NINETEEN

Baku, Azerbaijan
Tuesday, 1:35 A.M.

The ride to the VIP Hospital took just under ten minutes. The VIP was the only hospital the American embassy deemed to be up to the standards of western health care. They had an arrangement with Dr. Kanibov, one of the city’s few English-speaking physicians. The fifty-seven-year-old Kanibov was paid off the books to be available for around-the-clock emergencies and to recommend qualified specialists when necessary.

Tom Moore didn’t know if a specialist was going to be necessary. All he knew was that Pat Thomas had woken him twenty minutes earlier. Thomas had heard David Battat moaning on his cot. When Thomas went over to check on Battat, he found him soaked with perspiration and trembling. The embassy nurse had a look at him and took Battat’s temperature. He had a fever of 105. The nurse suggested that Battat may have hit his head or suffered capillary damage when he was attacked. Rather than wait for an ambulance, Thomas and Moore loaded Battat into one of the embassy staff cars in the gated parking lot and brought him to the hospital themselves. The medic called ahead to let Dr. Kanibov know that they had a possible case of neurogenic shock.

This is all we need, to be down a man, Thomas thought as he drove through the dark, deserted streets of the embassy and business district. It was bad enough to have too few people to deal with normal intelligence work. But to find the Harpooner, one of the world’s most elusive terrorists, was going to take more. Thomas only hoped that his call to Washington would get them timely cooperation on a Saint Petersburg connection.

Dr. Kanibov lived just a block from the hospital. The tall, elderly, white-goateed physician was waiting when they arrived. Battat’s teeth were chattering, and he was coughing. By the time a pair of orderlies put him on a gurney just inside the door, the American’s lips and fingernail beds were rich blue.

“Very restricted blood flow,” said Kanibov to one of the orderlies. “Oxygen.” He looked in Battat’s mouth. “Traces of mucus. Suction, then give me an oral temperature.”

“What do you think is wrong?” Thomas asked.

“I don’t know yet,” Kanibov said.

“The nurse at the embassy said it could be neurogenic shock,” Thomas said to the doctor.

“If it were, his face would be pale, not flushed,” the doctor said with annoyance. He looked at Thomas and Moore. “You gentlemen can wait here or you can go back and wait—”

“We’ll stay here,” Thomas informed him. “At least until you know what’s wrong.”

“Very well,” the doctor said as they wheeled Battat into the ward.

It seemed strangely quiet for an emergency room, Thomas thought. Whenever his three boys hurt themselves back in Washington or in Moscow, the ERs were like the West Wing of the White House: loud, purposeful chaos. He imagined that the clinics in the poorer sections of Baku must be more like that. Still, the silence was unnerving, deathlike.
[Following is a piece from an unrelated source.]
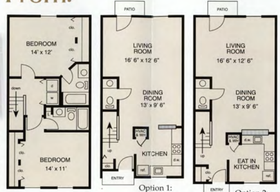
Option 1: 1154 Sq.Ft.* Option 2: 1181 Sq.Ft.*

Thomas looked at Moore. “There’s no sense for both of us to be here,” Thomas said. “One of us should get a little sleep.”

“I wasn’t sleeping,” Moore said. “I was making those contacts we discussed and reviewing files.”

“Did you find anything?” Thomas asked.

“Nothing,” Moore said.

“All the more reason for you to go back to the embassy,” Thomas said. “David is my responsibility. I’ll wait here.”

Moore considered that. “All right,” he said. “You’ll call as soon as you know something?”

“Of course,” Thomas said.

Moore gave him a reassuring pat on the shoulder, then walked back through the lobby. He pushed the door open and walked around the front of the car to the driver’s side.

A moment later, Tom Moore’s head jerked to the right and he dropped to the asphalt.